(Data items)
+ + +
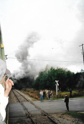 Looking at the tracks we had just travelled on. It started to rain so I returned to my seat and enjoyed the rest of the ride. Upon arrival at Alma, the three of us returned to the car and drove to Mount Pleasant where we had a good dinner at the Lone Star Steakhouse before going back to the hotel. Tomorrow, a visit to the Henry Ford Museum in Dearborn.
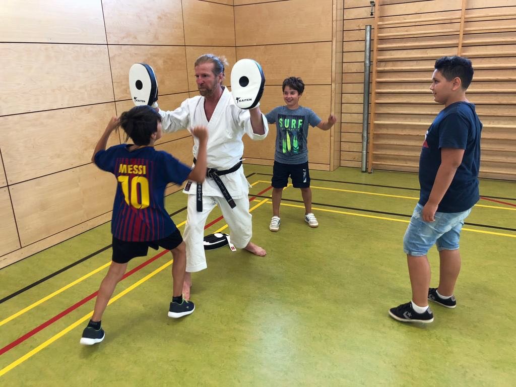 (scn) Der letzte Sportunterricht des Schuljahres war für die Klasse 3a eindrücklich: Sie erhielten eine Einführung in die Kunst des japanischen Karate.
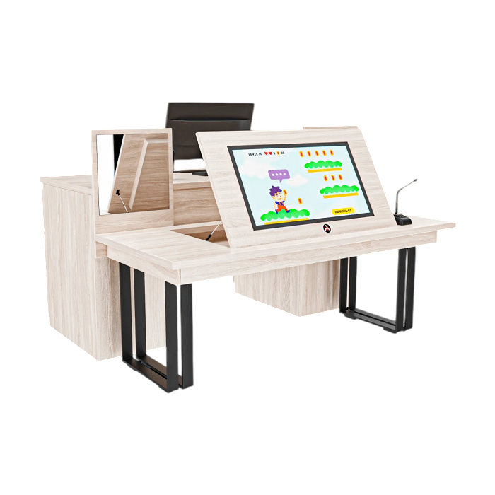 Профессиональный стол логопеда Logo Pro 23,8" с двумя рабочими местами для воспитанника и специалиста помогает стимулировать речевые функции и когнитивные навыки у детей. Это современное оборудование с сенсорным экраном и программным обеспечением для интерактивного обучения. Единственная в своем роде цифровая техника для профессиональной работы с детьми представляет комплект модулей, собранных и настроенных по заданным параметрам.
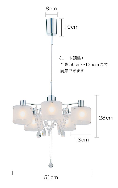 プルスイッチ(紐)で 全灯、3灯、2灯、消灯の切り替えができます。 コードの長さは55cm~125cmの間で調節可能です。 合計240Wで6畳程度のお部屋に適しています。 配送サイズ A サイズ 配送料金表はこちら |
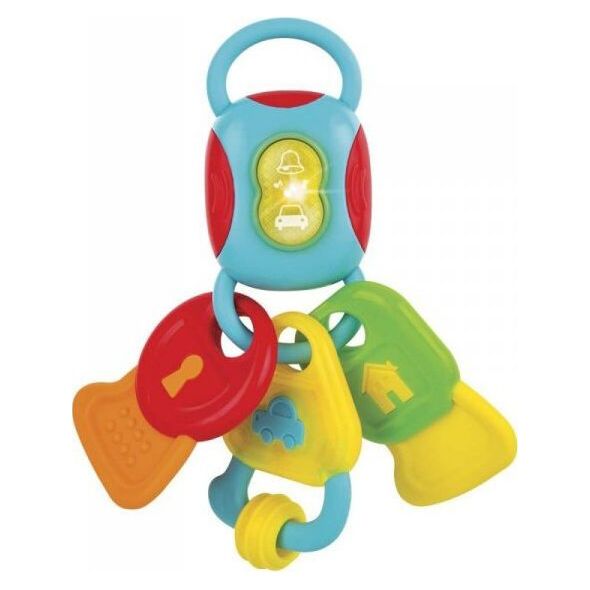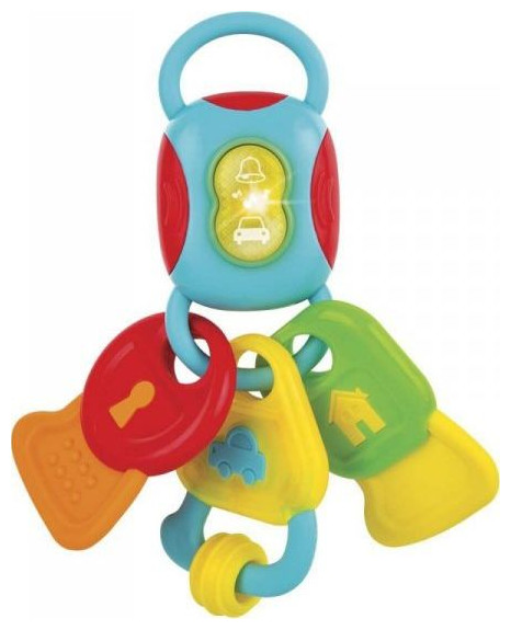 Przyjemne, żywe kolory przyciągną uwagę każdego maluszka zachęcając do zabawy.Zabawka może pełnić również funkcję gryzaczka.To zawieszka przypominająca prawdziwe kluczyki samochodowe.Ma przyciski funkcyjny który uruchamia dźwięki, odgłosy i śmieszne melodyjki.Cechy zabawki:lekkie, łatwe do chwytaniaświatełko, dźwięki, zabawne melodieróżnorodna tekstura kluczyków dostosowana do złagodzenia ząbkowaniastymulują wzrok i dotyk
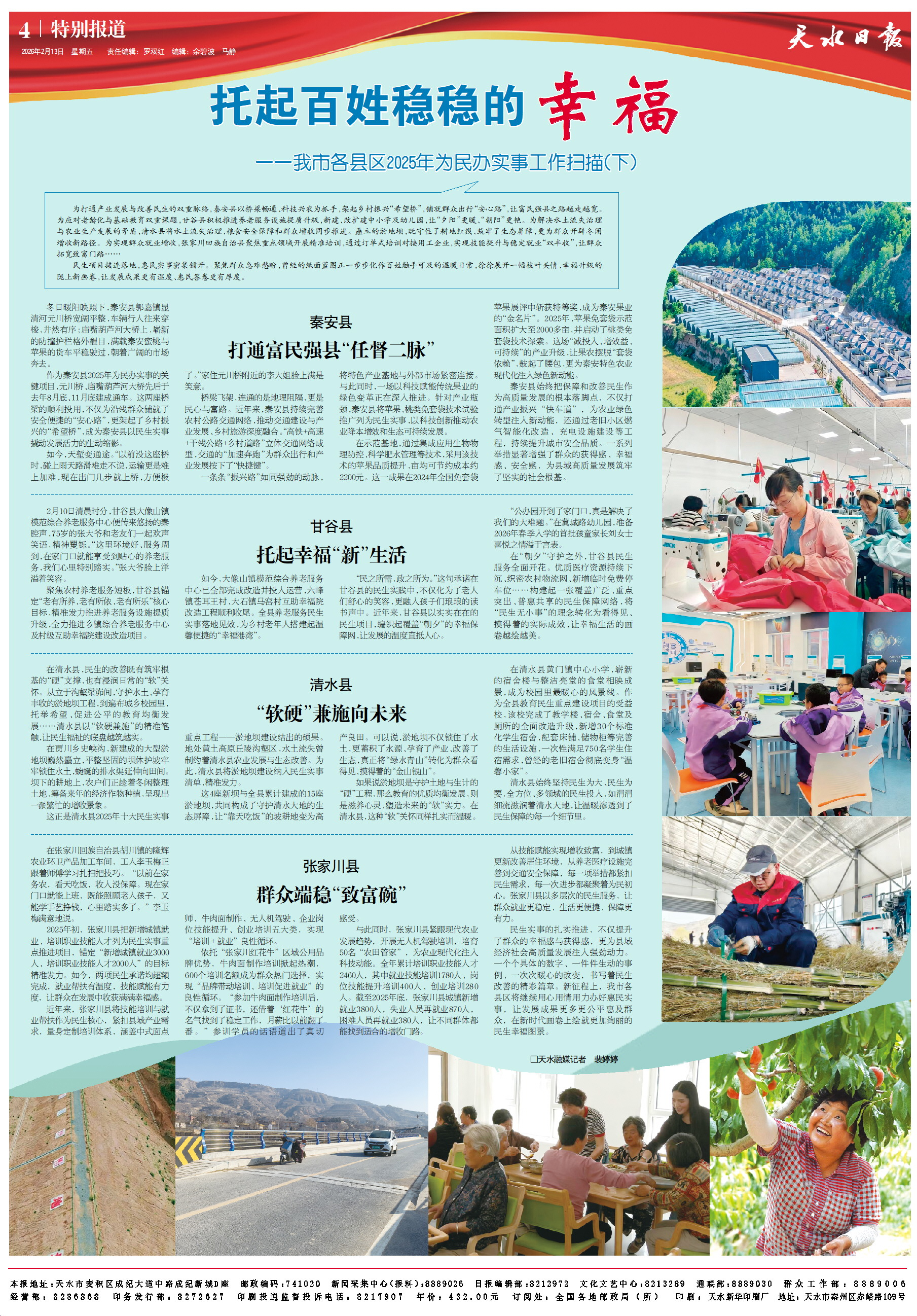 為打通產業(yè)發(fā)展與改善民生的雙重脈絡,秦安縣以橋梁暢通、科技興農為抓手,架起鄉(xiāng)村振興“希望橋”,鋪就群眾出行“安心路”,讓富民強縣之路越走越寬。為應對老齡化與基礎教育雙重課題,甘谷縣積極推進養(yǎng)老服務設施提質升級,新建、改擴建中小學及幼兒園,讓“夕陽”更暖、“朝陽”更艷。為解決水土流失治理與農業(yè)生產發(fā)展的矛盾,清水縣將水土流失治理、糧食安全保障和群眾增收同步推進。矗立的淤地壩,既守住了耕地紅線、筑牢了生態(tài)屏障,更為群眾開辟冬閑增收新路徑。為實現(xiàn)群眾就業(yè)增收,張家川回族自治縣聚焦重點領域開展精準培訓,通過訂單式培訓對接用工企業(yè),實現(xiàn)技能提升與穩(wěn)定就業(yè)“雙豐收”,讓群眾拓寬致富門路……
+ + +
**What you should do:**
Find the line with "(scn) Der letzte" in the entries above. Set down exactly every line from it up to and including the line with "Przyjemne, żywe kolory", images excluded.

**Exercise output:**
 (scn) Der letzte Sportunterricht des Schuljahres war für die Klasse 3a eindrücklich: Sie erhielten eine Einführung in die Kunst des japanischen Karate.
 Профессиональный стол логопеда Logo Pro 23,8" с двумя рабочими местами для воспитанника и специалиста помогает стимулировать речевые функции и когнитивные навыки у детей. Это современное оборудование с сенсорным экраном и программным обеспечением для интерактивного обучения. Единственная в своем роде цифровая техника для профессиональной работы с детьми представляет комплект модулей, собранных и настроенных по заданным параметрам.
 プルスイッチ(紐)で 全灯、3灯、2灯、消灯の切り替えができます。 コードの長さは55cm~125cmの間で調節可能です。 合計240Wで6畳程度のお部屋に適しています。 配送サイズ A サイズ 配送料金表はこちら |
 Przyjemne, żywe kolory przyciągną uwagę każdego maluszka zachęcając do zabawy.Zabawka może pełnić również funkcję gryzaczka.To zawieszka przypominająca prawdziwe kluczyki samochodowe.Ma przyciski funkcyjny który uruchamia dźwięki, odgłosy i śmieszne melodyjki.Cechy zabawki:lekkie, łatwe do chwytaniaświatełko, dźwięki, zabawne melodieróżnorodna tekstura kluczyków dostosowana do złagodzenia ząbkowaniastymulują wzrok i dotyk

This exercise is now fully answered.